Pemba Island
Your getaway to the “ Green Island.”
The charms of Zanzibar’s main island, Unguja, are now an open secret, and significant investment has arrived with the crowds of tourists. It means there’s no shortage of luxury hotels and resorts by the beaches, but what if you still want that remote island getaway?
Beaches
The sandy beaches on Pemba are as remote and crowd-free as they are beautiful. Getting to them is an adventure in itself and all the more rewarding as a result. The island is ringed with dense mangrove forest that has to be navigated to reach the beaches. Boat trips run throughout the day to access the islands hidden beaches and secret coves.
Head to Vumawimbi Beach cloistered amid the spectacular coastal forest of the Kigomasha Penisula on the island’s east coast, and you will likely find you have this spectacular sickle-shaped stretch of sand and crystal-clear turquoise waters to yourself. With most of the island’s hotels on the opposite coast, the beach is the ideal isolated spot for a picnic to remember.
Just another boat ride away is Misali Island, part of the fiercely protected Pemba Channel Conservation Area along Pemba’sm west coast. Pay the admission fee, and you’ll find some of the best diving in East Africa, with pristine coral reefs teeming with marine life easily reached from the beach. Inland from the beaches are caves thought to be inhabited by the spirits of the island’s ancestors.
Nature
Pemba translates from Arabic as “ Green Island,” and it is a haven of lush, fertile land-scapes that roll from forested hills to verdant valleys, all carpeted with plantations of cloves and a variety of fruits such as coconut and mango. You’ll smell the heady aroma of cloves across the island, especially during the harvesting months of September, October, and November when the picked flower buds are left to dry in the sun - a process that releases their sweet, heady aroma to infuse the island’s hot breezes.
Pemba is also home to diverse wildlife, including some iconic species endemic to the island. The Ngozi Forest Reserve is home to noisy populations of red colobus and vervet monkeys who swing from vines in the dense double canopy cover of the woodland here. Another forest resident is the Pemba scops owl, a highly sought-after find for bird enthusiasts. If you want to see a similarly endemic Pemba flying fox, the Kidike Sanctuary has around 4000 of them soaring above the treetops. On the ground, you may be lucky enough to spot the sky and skittish Pemba blue duiker ( a small antelope) as it ventures from the dense forest cover to graze.
Culture
Like its larger island neighbor, Pemba was a target for Arab traders for centuries. The relics of this time have a ghostly romance about them, with ancient ruins peppering the island and having become entwined with the growing forest vegetation.
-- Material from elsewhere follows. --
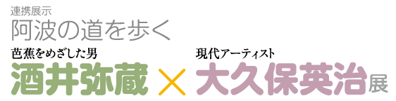 本展では、酒井弥蔵とその旅の足跡、旅日記等の資料、さらには阿波の街道、遍路道などに関する歴史・民俗資料と、大久保英治が弥蔵の足跡や阿波の街道、松尾芭蕉の『笈の小文』などをテーマとして制作した美術作品をあわせてご紹介します。
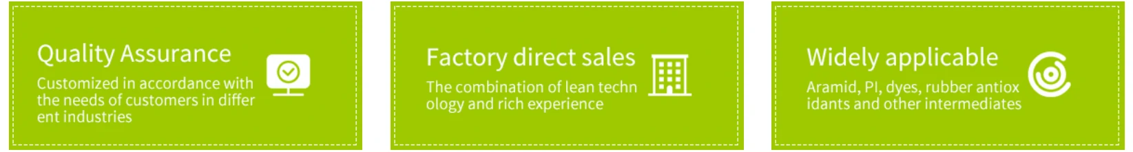 With strong technical force, advanced processing equipment and perfect testing methods, the company has developed high-purity p-phenylenediamine, o-phenylenediamine, m-phenylenediamine and other products according to the needs of customers.

One of the earliest sites is the Ras Mkumba Ruins, which dates to the 14th Century. It is located south of the island’s capital. Chake Chake, the site includes the remains of tombs, houses, and a mosque that was for some time the largest structure of its type in sub-Sahara Africa. As a primer for a visit to the ruins as well as a useful overview of the cultural history of the island, head to the Pemba Museum in Chake Chake. Located in an 18th-century Omani fort, which was itself built on the remains of a 16th-century Portuguese garrison, it houses a comprehensive set of exhibits revealing Pemba’s storied past.
You can also soak up the island culture firsthand with visits to Pemba’s rural communities.
Diving
Whether you want to safely snorkel over coral reefs just a few strokes from shore or strap on the scuba gear to plunge into the depths of the Indian Ocean, Pemba has got you covered. Go just beyond the coral reefs that ringfence the island, and you are suddenly in the 2000-meter-deep waters of the Pemba Channel, which is an aquatic magnet for marine life such as turtles, game fish, seahorses, reef sharks, cuttlefish, and Napoleon wrasse.
With visibility here, often reaching 20 meters and beyond, you’ll have an amazing view of underwater sights such as coral gardens, wrecks, underwater mountains, and long plunging walls.
August and September are the best months for diving and snorkeling, with water clarity at its peak.
Accommodation
Unlike the necklace of modern luxury hotels and resorts that dominate Unguja’s coastline, Pemba’s nascent Hospitality sector does all it can to blend in with the in with the island’s dense vegetation.
As a case in point, the exclusive Fundu Lagoon hotel is entwined among a mangrove-fringed beach on Pemba’s southwestern shore and can only be reached by boat. The barefoot beach luxury vibe is channeled by its Makuti-thatched suites, which are footsteps from the range of just the ocean and caught seafood that dominates the menu of its excellent restaurant.
If you want to be assured of some deep[ sleep on this most tranquil of islands, you could opt for the underwater villa at the Manta Resort on the island’s northwestern coast. The three-level loading suite has a top deck for sunbathing and taking in the cathedral of stars visible here at night, while the underwater glass suite allows guests to drift off to sleep while watching shoals of reef fish swim by.